Data for this task:
_ _ _ _ _

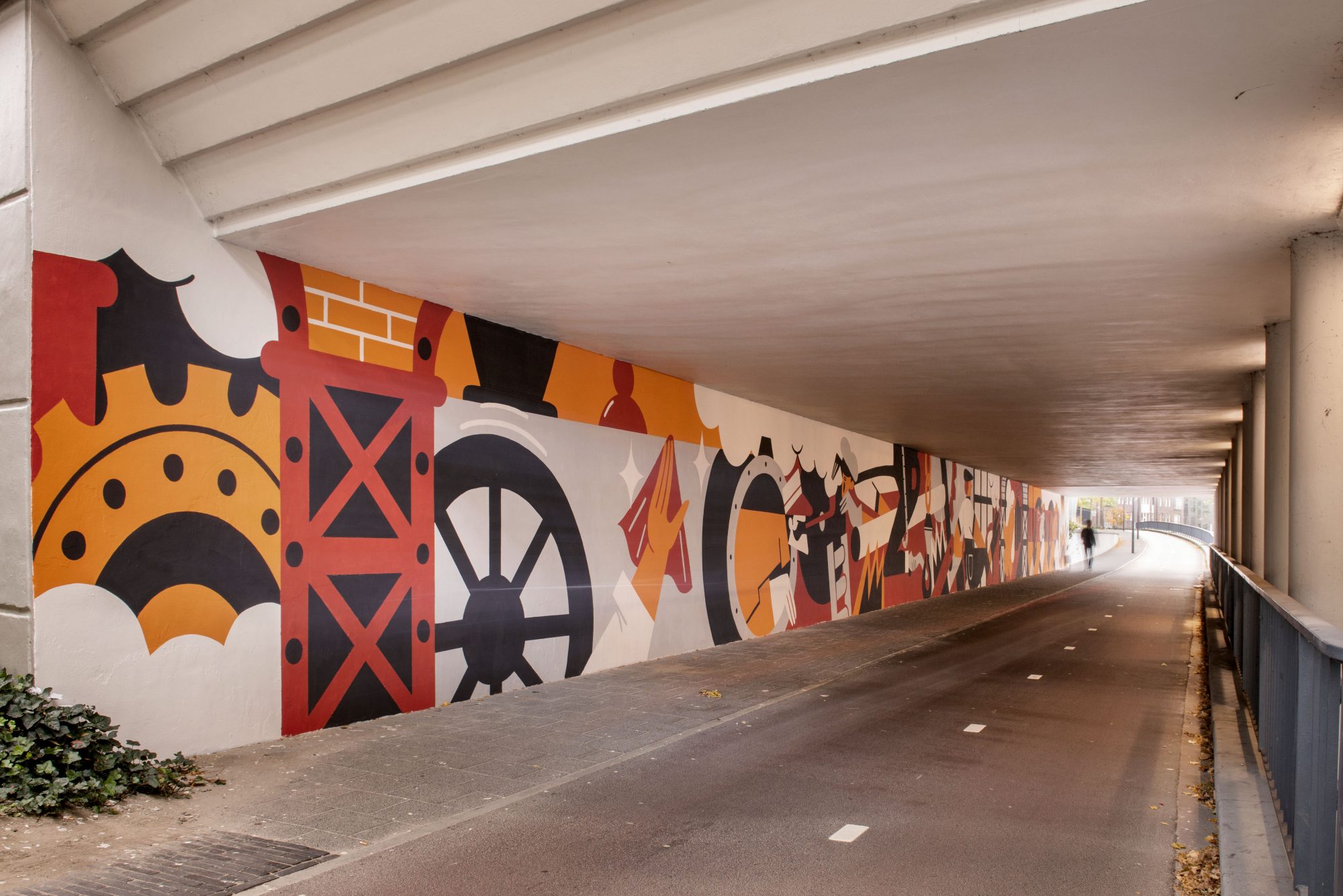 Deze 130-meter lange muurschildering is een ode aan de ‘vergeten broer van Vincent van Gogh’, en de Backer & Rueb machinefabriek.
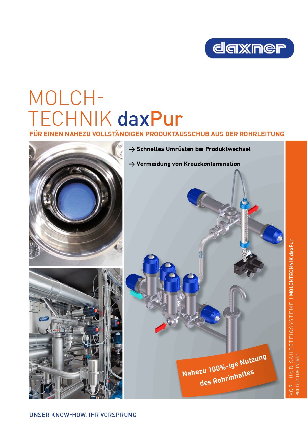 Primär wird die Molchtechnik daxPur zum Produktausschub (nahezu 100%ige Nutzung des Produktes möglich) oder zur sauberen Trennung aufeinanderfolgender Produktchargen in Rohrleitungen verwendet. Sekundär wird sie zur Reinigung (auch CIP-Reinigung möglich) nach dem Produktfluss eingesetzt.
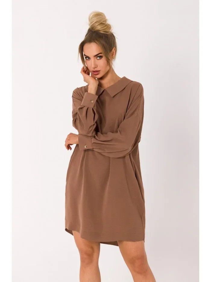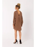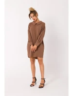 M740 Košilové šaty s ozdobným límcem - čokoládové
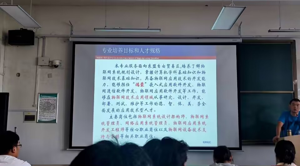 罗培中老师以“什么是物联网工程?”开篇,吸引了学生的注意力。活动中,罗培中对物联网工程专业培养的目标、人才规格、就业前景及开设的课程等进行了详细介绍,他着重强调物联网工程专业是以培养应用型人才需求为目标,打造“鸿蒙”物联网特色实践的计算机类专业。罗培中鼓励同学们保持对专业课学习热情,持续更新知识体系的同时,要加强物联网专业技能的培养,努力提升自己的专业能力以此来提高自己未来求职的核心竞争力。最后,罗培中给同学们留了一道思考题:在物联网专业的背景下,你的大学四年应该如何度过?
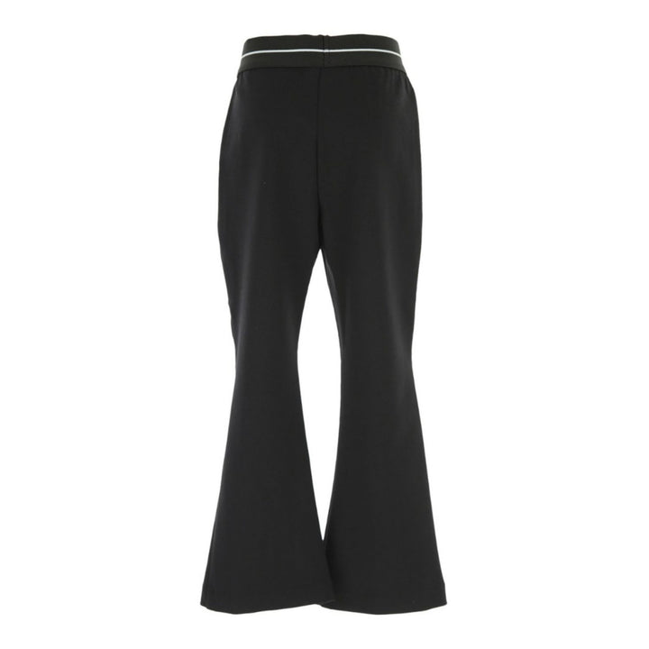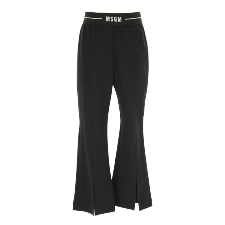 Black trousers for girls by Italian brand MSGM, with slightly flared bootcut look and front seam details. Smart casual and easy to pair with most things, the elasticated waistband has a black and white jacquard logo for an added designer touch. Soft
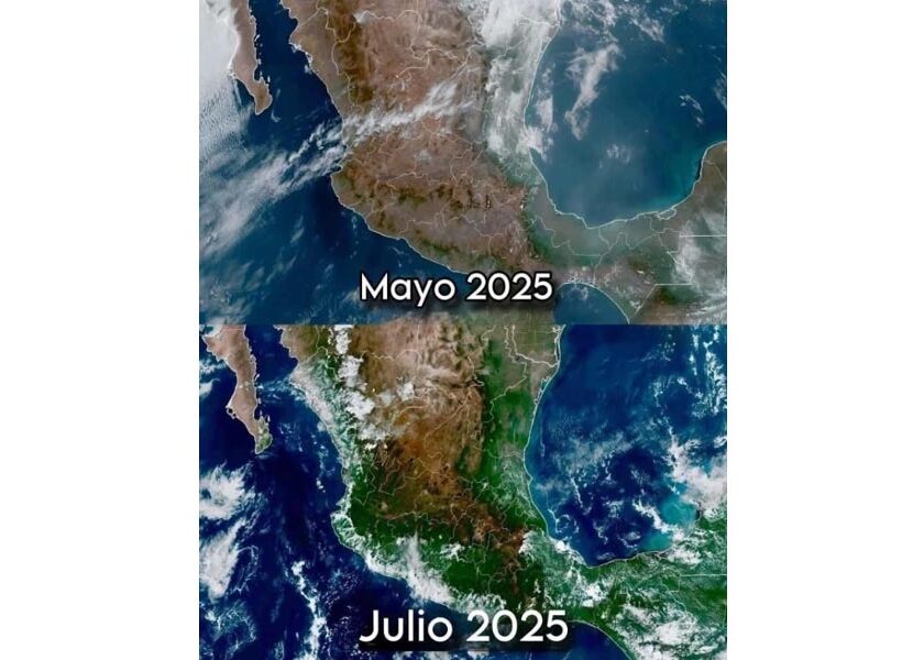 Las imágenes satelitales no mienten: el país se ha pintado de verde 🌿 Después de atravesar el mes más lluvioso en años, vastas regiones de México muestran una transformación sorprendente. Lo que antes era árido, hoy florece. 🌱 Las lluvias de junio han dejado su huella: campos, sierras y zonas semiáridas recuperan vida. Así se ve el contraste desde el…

_ _ _ _ _

Goal of the exercise: Without any of the pictures, reproduce the listing above exactly.

Response:
 Deze 130-meter lange muurschildering is een ode aan de ‘vergeten broer van Vincent van Gogh’, en de Backer & Rueb machinefabriek.
 Primär wird die Molchtechnik daxPur zum Produktausschub (nahezu 100%ige Nutzung des Produktes möglich) oder zur sauberen Trennung aufeinanderfolgender Produktchargen in Rohrleitungen verwendet. Sekundär wird sie zur Reinigung (auch CIP-Reinigung möglich) nach dem Produktfluss eingesetzt.
 M740 Košilové šaty s ozdobným límcem - čokoládové
 罗培中老师以“什么是物联网工程?”开篇,吸引了学生的注意力。活动中,罗培中对物联网工程专业培养的目标、人才规格、就业前景及开设的课程等进行了详细介绍,他着重强调物联网工程专业是以培养应用型人才需求为目标,打造“鸿蒙”物联网特色实践的计算机类专业。罗培中鼓励同学们保持对专业课学习热情,持续更新知识体系的同时,要加强物联网专业技能的培养,努力提升自己的专业能力以此来提高自己未来求职的核心竞争力。最后,罗培中给同学们留了一道思考题:在物联网专业的背景下,你的大学四年应该如何度过?
 Black trousers for girls by Italian brand MSGM, with slightly flared bootcut look and front seam details. Smart casual and easy to pair with most things, the elasticated waistband has a black and white jacquard logo for an added designer touch. Soft
 Las imágenes satelitales no mienten: el país se ha pintado de verde 🌿 Después de atravesar el mes más lluvioso en años, vastas regiones de México muestran una transformación sorprendente. Lo que antes era árido, hoy florece. 🌱 Las lluvias de junio han dejado su huella: campos, sierras y zonas semiáridas recuperan vida. Así se ve el contraste desde el…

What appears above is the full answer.